Data block -
■ ■ ■

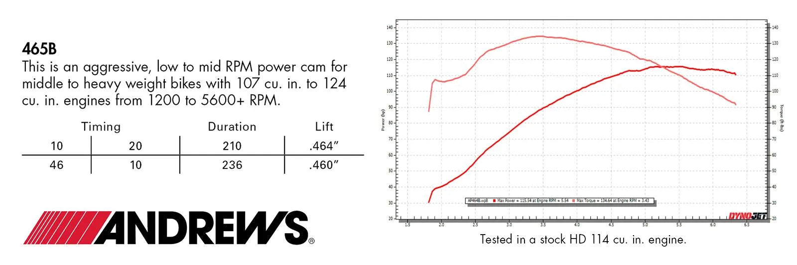 Steigern Sie die Leistung Ihrer Harley-Davidson mit der Andrews 465B Nockenwelle. Diese einfach zu montierende Kettenantriebs-Nockenwelle liefert ein außergewöhnliches Drehmoment im unteren und mittleren Drehzahlbereich und ist damit ideal für schwere und mittelschwere Motorräder. Erleben Sie den Unterschied in Leistung und Ansprechverhalten von 1200 bis 5600 U/min.
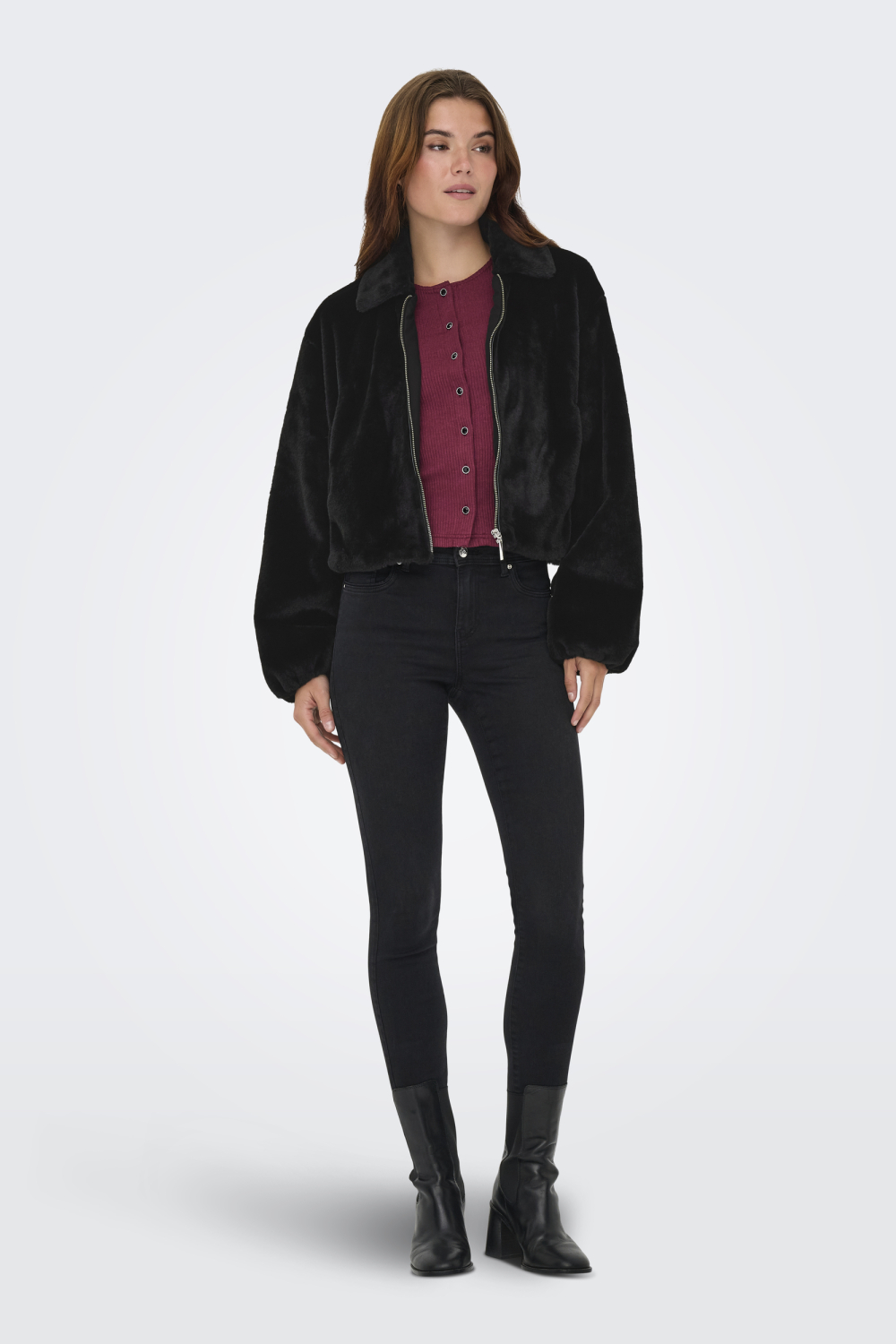 Deze zwarte jas van Only is een stijlvolle aanvulling op jouw herfstgarderobe. Gemaakt van 100% gerecycled polyester, biedt deze jas een combinatie van duurzaamheid en comfort. De teddytextuur geeft een luxueuze en warme uitstraling, perfect voor de koelere dagen. Met een regular fit en een korte lengte, is deze jas ideaal voor een casual look. De puntkraag en ritssluiting voegen een klassiek tintje toe, terwijl de praktische steekzakken je van extra gemak voorzien. Draag deze stijlvolle jas over je favoriete outfits voor een moeiteloos elegante look. Of je nu naar het werk gaat of een avondje uit plant, deze jas past perfect bij verschillende gelegenheden en stijlen. Combineer met een jeans en laarzen voor een ontspannen weekendgevoel. Met zijn lange mouwen en comfortabele pasvorm biedt de jas zowel stijl als functioneel gemak, waarmee je zelfverzekerd de deur uit gaat, ongeacht de gelegenheid. Meer informatie: De totale lengte is 49 cm bij maat S.
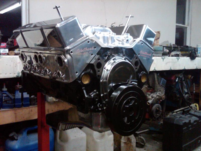 SBC350,10:1, polished edelbrock heads, comp292,gear drive
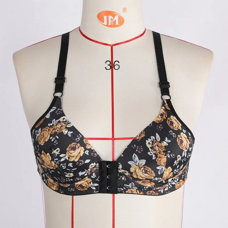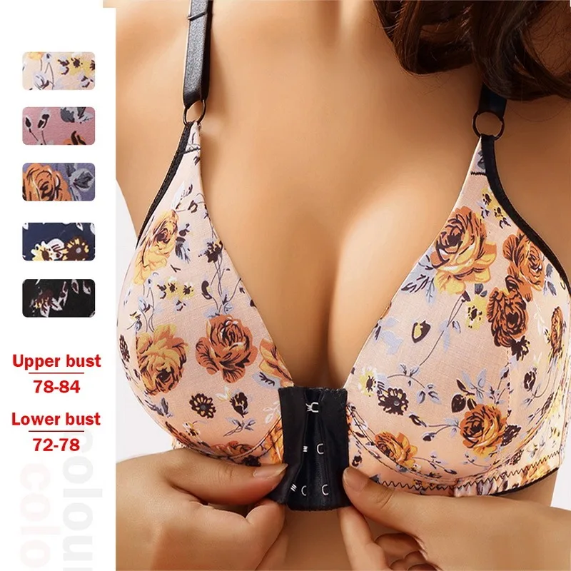 Женский цветочный бюстгальтер пуш-ап без косточек с застежкой спереди

■ ■ ■

Your task is to retype the listing exactly, without its pictures.

Answer for the task -
 Steigern Sie die Leistung Ihrer Harley-Davidson mit der Andrews 465B Nockenwelle. Diese einfach zu montierende Kettenantriebs-Nockenwelle liefert ein außergewöhnliches Drehmoment im unteren und mittleren Drehzahlbereich und ist damit ideal für schwere und mittelschwere Motorräder. Erleben Sie den Unterschied in Leistung und Ansprechverhalten von 1200 bis 5600 U/min.
 Deze zwarte jas van Only is een stijlvolle aanvulling op jouw herfstgarderobe. Gemaakt van 100% gerecycled polyester, biedt deze jas een combinatie van duurzaamheid en comfort. De teddytextuur geeft een luxueuze en warme uitstraling, perfect voor de koelere dagen. Met een regular fit en een korte lengte, is deze jas ideaal voor een casual look. De puntkraag en ritssluiting voegen een klassiek tintje toe, terwijl de praktische steekzakken je van extra gemak voorzien. Draag deze stijlvolle jas over je favoriete outfits voor een moeiteloos elegante look. Of je nu naar het werk gaat of een avondje uit plant, deze jas past perfect bij verschillende gelegenheden en stijlen. Combineer met een jeans en laarzen voor een ontspannen weekendgevoel. Met zijn lange mouwen en comfortabele pasvorm biedt de jas zowel stijl als functioneel gemak, waarmee je zelfverzekerd de deur uit gaat, ongeacht de gelegenheid. Meer informatie: De totale lengte is 49 cm bij maat S.
 SBC350,10:1, polished edelbrock heads, comp292,gear drive
 Женский цветочный бюстгальтер пуш-ап без косточек с застежкой спереди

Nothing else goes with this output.